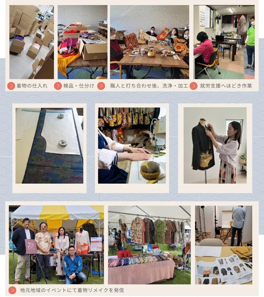 私たちはコロナ禍で大量に処分されていく着物の現実に衝撃を受け、「このままではもったいない」「何かできることはないか」と考えました。そこから、縫製職人の方々と出会い、着物の再生と職人の雇用創出を同時に実現するリメイク事業が始まり、現在では着物の適正購入をしております。
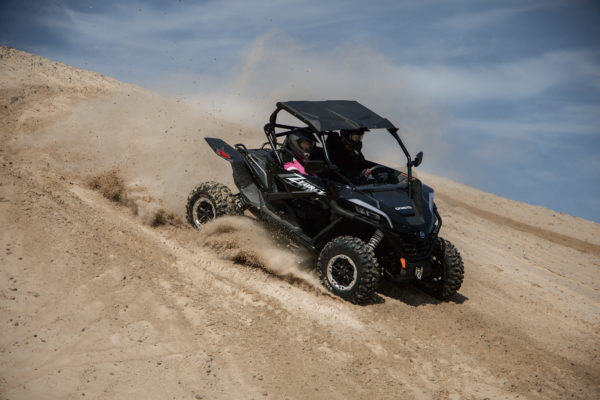 Увеличенный ход задней подвески в 395 мм дает возможность преодоления даже самые сложных препятствий. Внедорожная 29-дюймовая резина на 14-дюймовых легкосплавных дисках с бедлоками обеспечивает этому мощному Side-by-side сцепление с любым типом поверхности.
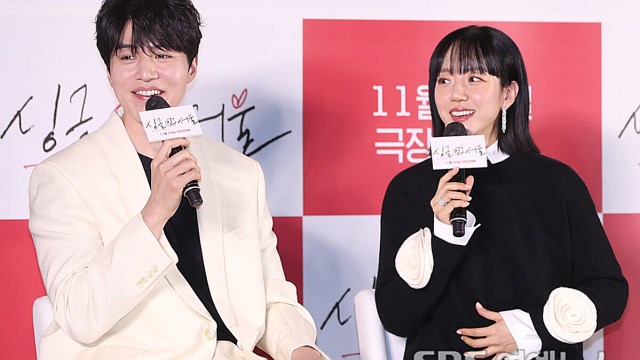 Actors Lee Dongwook (left) and Lim Soojung took the stage at Lotte Cinema Konkuk University in Seoul on Nov. 3 for the “Single in Seoul” production briefing, sharing a lighthearted onstage chat about the film.
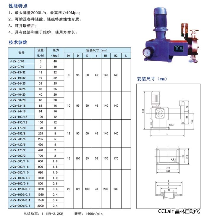 詳細(xì)信息 J-ZM-40/20,J-ZM-60/20,J-ZM-63/16,液壓隔膜計(jì)量泵
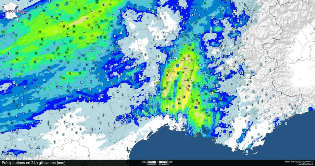 Après une période calme et anticyclonique, un flux perturbé venu de l’Atlantique apporte depuis hier soir de belles précipitations, notamment sur les Cévennes et l’ouest du Massif central.
● ● ● ●
= TASK DETAILS =
Please transcribe exactly the part of the records that opens with the line containing "Actors Lee Dongwook" and closes with the line containing "詳細(xì)信息 J-ZM-40/20,J-ZM-60/", both ends included, and leave out the pictures.

= ANSWER FOR THIS EXERCISE =
 Actors Lee Dongwook (left) and Lim Soojung took the stage at Lotte Cinema Konkuk University in Seoul on Nov. 3 for the “Single in Seoul” production briefing, sharing a lighthearted onstage chat about the film.
 詳細(xì)信息 J-ZM-40/20,J-ZM-60/20,J-ZM-63/16,液壓隔膜計(jì)量泵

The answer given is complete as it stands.